Os benefícios fiscais, destinados a conter os efeitos da crise financeira mundial sobre a economia brasileira, deveriam vigorar só até o fim deste mês. Confirmada pelos ministros da Fazenda, Guido Mantega, e do Desenvolvimento, Miguel Jorge, a extensão de sua validade por mais seis meses se destina, segundo o governo, a ajudar um setor que demorou para se recuperar.

 

A justificativa não é inteiramente procedente, pelo menos no caso dos tratores e caminhões. A produção acumulada desses itens nos cinco primeiros meses de 2010 é bem maior do que a de igual período do ano passado. No caso das máquinas agrícolas e automotrizes, por exemplo, o aumento é de 53,8%, uma variação expressiva, mesmo levando em conta o fato de que a produção dos primeiros cinco meses de 2009 foi fortemente afetada pela crise. É uma indicação clara de recuperação.

 

Também no caso dos caminhões a alta das vendas é notável. As vendas de caminhões semileves, leves, médios, semipesados e pesados no período janeiro-maio de 2010 foram 57,3% maiores do que as dos primeiros cinco meses de 2009. No caso dos veículos comerciais leves, a alta foi de 24,8%, de acordo com o mais recente relatório mensal de produção e vendas divulgado pela Associação Nacional dos Fabricantes de Veículos Automotores (Anfavea).

 

A alíquota regular do IPI sobre tratores e caminhões é de 5%; para os veículos comerciais leves é de 8%. O custo da extensão da isenção ou da redução do tributo até o fim do ano é estimado em R$ 775 milhões.
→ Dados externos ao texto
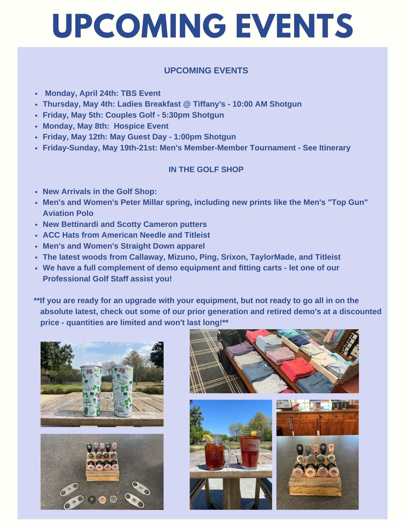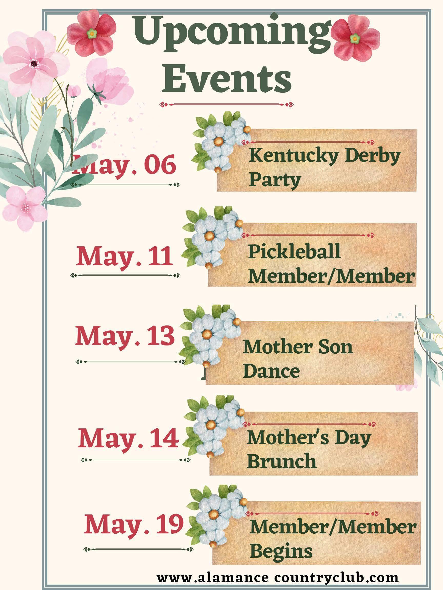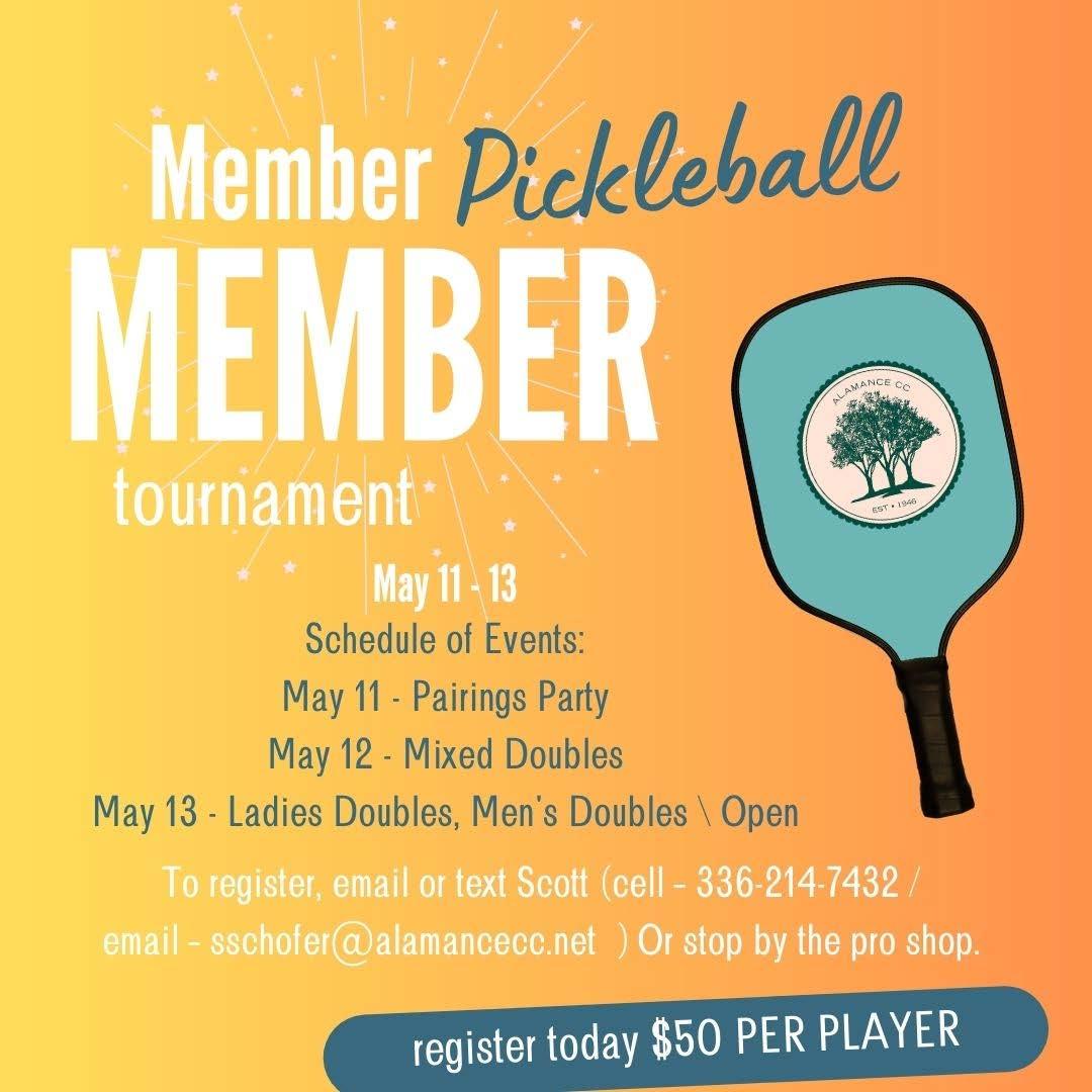 Racquet Sports Clinic Information | Contact Scott to sign up | sschofer@alamancecc.net | 3365844115 Scott Schofer,PTR, PPR Director of Racquet Sports sschofer@alamancecc.net Stefan Sumner, PTR, PPR Racquet Sports Professional ssumner@alamancecc.net Pro Shop Hours: Monday‐Thursday 9‐6 Frriday and Saturday 10‐4 Sunday 12‐4 remember to use your club app to reserve a court. also, all visitors must sign- in. 123456 78910111213 14 Mother's Day 15 16 17 18 19 20 21 22 23 24 25 26 27 29 Memorial Day 30 31 Pickleball Tournament ADV Pickle Match 6:30p Pickleball Tournament Mens / Womens Doubles 3.0 USTA - 9:30a PZ Clinic 4:00-5:30 RS meeting - 12:00 3.0 Clinic 10:00a Pairings Party - 6:00p Ladies Tennis 9:00a PZ Clinic 4:00-5:30 ATW 9:00a-10:30a ATW 6:00p PZ Clinic 4:00-5:30 New 2 Pickle 6:00p Ladies Tennis 9:00a Jr. QS 4:00-5:00p PZ Clinic 4:00-5:30 3.5 Clinic 9:00a Pickleball Tournament Mixed Doubles ATW 9:00a-10:30a 3.25 Ladder 10:00a 3.0 Clinic 10:00a 3.0 USTA - 9:00a (LJ) PZ Clinic 4:00-5:30 3.0 Ladder 1:00p 3.0 Clinic 9:00a ATW 6:00p ATW 9:00a-10:30a ADV Pickle Match 6:30p Thursday Saturday Friday Jr. QS 4:00-5:00p 3.5 Clinic 9:00a New 2 Pickle 6:00p Ladies Tennis 9:00a 3.5 Ladder 1:00p Jr. QS 4:00-5:00p ATW 6:00p
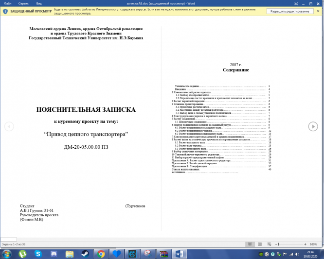 Для студентов МГТУ им. Н.Э.Баумана по предмету Детали машин (ДМ)Курсовой проект 20 РПЗ и Листы Привод цепного транспортераКурсовой проект 20 РПЗ и Листы Привод цепного транспортера
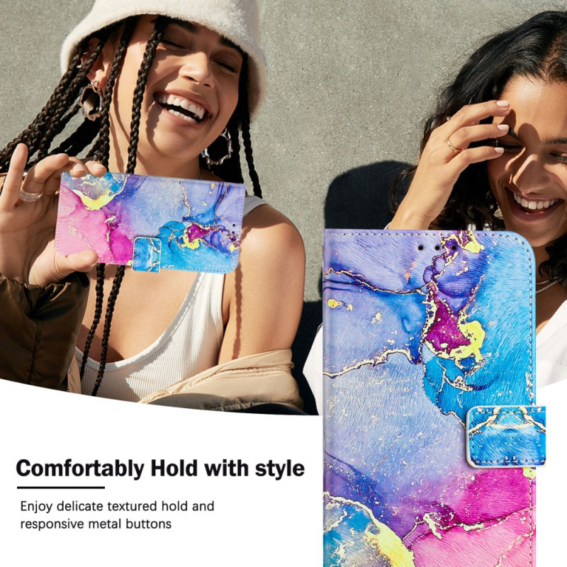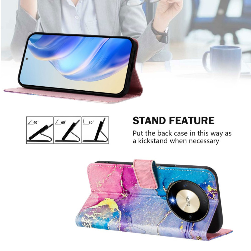 Proteja o seu Honor Magic 6 Lite / X9b com estilo com esta elegante capa para carteira com um padrão de mármore multicolorido. Com um suporte multi-ângulo ajustável, 3 ranhuras para cartões e uma correia de pulso segura, combina funcionalidade e proteção.
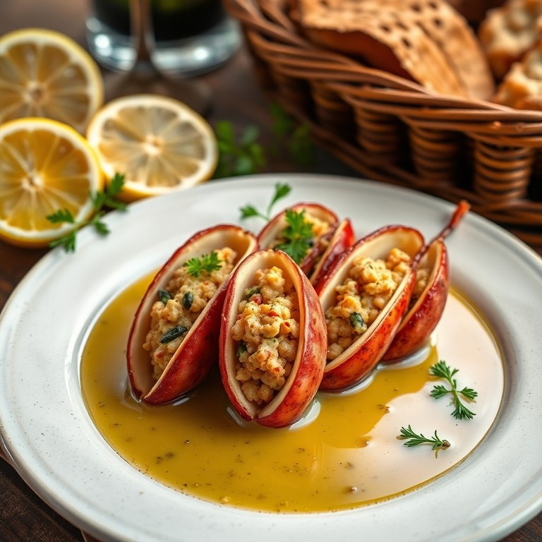 Zarte Baby-Calamari, gefüllt mit einer raffinierten Gamba-Farce, verfeinert mit Zitrone und Kräutern. Ein mediterraner Genuss, der in Weißwein geschmort wird.
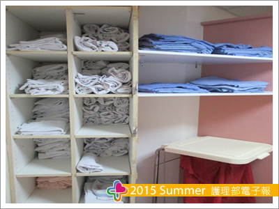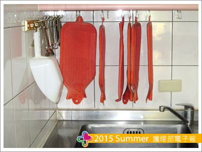 在工作環境中,我採用了右腦創意圖像化來規劃管理,圖像可讓人更加深印象,於準備室牆面貼置標語、更衣室製服櫃增設層板(圖二)、牆面釘置掛勾收納護理人員名牌及臨床作業上使用之警語告示牌、被服室與儲藏室之物品定位擺放整齊(圖三)、配繕室冰枕使用窗簾掛勾吊置(圖四),使冰枕內殘留的水,注入水槽內,可降低地板潮溼率有效預防病人跌倒造成傷害,建置病人安全的醫療環境,於住院病患姓名旋轉牌上方製作(電擊器、烤灯、輪椅、冰箱冷藏藥物)標籤,放置於使用病人床號上方,提醒辦理出院人員,將病人冰箱冷藏藥物帶回,有效降低健保成本。
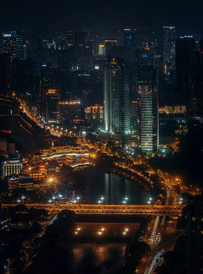 夜色渐浓,酒吧开始热闹起来,抬头就能捕捉到339七彩的灯光,在一众暖黄色路灯中,格外惹眼,廊桥就静静地躺在锦江之上。
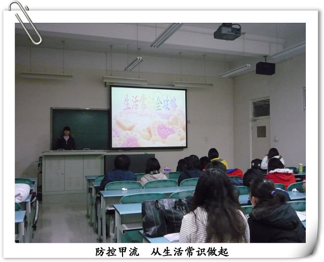 几位党员以幻灯片放映及讲解的形式开展活动,内容主要在饮食、运动、急救几方面进行学习,同时使大家对现在甲型流感有进一步了解。通过学习这些生活小常识,增进同学对生活的进一步了解和增强对自我的保护,对以后的学习和生活能够起到帮助的作用。
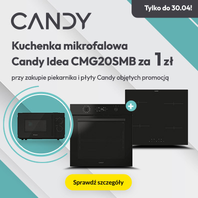 "Przy zakupie piekarnika i płyty indukcyjnej objętych promocją, kuchenka mikrofalowa Candy Idea CMG20SMB Grill za 1 zł" obowiązuje w sklepach RTV EURO AGD oraz na euro.com.pl (z wyłączeniem outletów) od 07.04.2026 r. od godz. 10:00 lub do wcześniejszego wyczerpania się liczby produktów promocyjnych (kuchenek mikrofalowych). Obejmuje wybrane piekarnik do zabudowy i płyty do zabudowy marki Candy. Klient przy zakupie dwóch, objętych Promocją produktów z różnych grup produktowych (piekarnika i płyty) może nabyć objętą promocją kuchenkę mikrofalową za 1 zł. Szczegóły promocji, w tym zasady jej łączenia się z innymi promocjami w Regulaminie w sklepach i na euro.com.pl. Zapoznaj się z regulaminem.

Esse é o montante que deixará de ser arrecadado pelo governo de julho a dezembro em razão da bondade anunciada, mas, segundo o ministro Guido Mantega, não haverá necessidade de cortes adicionais no Orçamento, pois "os benefícios já estavam em vigor".

 

O ministro não acredita que a extensão das medidas tenha algum impacto sobre a inflação, pois, segundo alega, os benefícios tributários evitariam uma eventual pressão sobre os preços de bens de capital, tratores e caminhões.

 

Ainda que se aceite a argumentação do ministro da Fazenda, o que se deve indagar é se a medida, aparentemente desnecessária - pois são claros os sinais de aumento da produção e das vendas dos produtos beneficiados -, não é também inoportuna, pois está sendo anunciada justamente no momento em que, por causa do intenso ritmo de atividade da economia, o Banco Central (BC) alerta para o risco de aceleração da inflação nos próximos meses.

 

Na avaliação do BC, a demanda interna está "robusta" por causa dos fatores que a têm estimulado nos últimos meses, como o aumento da renda da população, a expansão do crédito e os "estímulos fiscais e creditícios". Tudo isso, segundo o BC, deve contribuir para consolidar o processo de crescimento da produção e para a redução da capacidade ociosa do setor produtivo. Em resumo, com novos benefícios tributários, o próprio governo ajuda a aumentar as pressões sobre os preços e força novas altas nos juros básicos.

 

Melhor seria que, em lugar de conceder benefícios para indústrias ou setores da economia que escolhe de acordo com critérios nem sempre claros, o governo tratasse de melhorar o sistema de impostos, desonerando os investimentos, que estão na base do crescimento da economia. Isso exigiria, como contrapartida, a adequação de seus gastos a um novo nível de arrecadação tributária.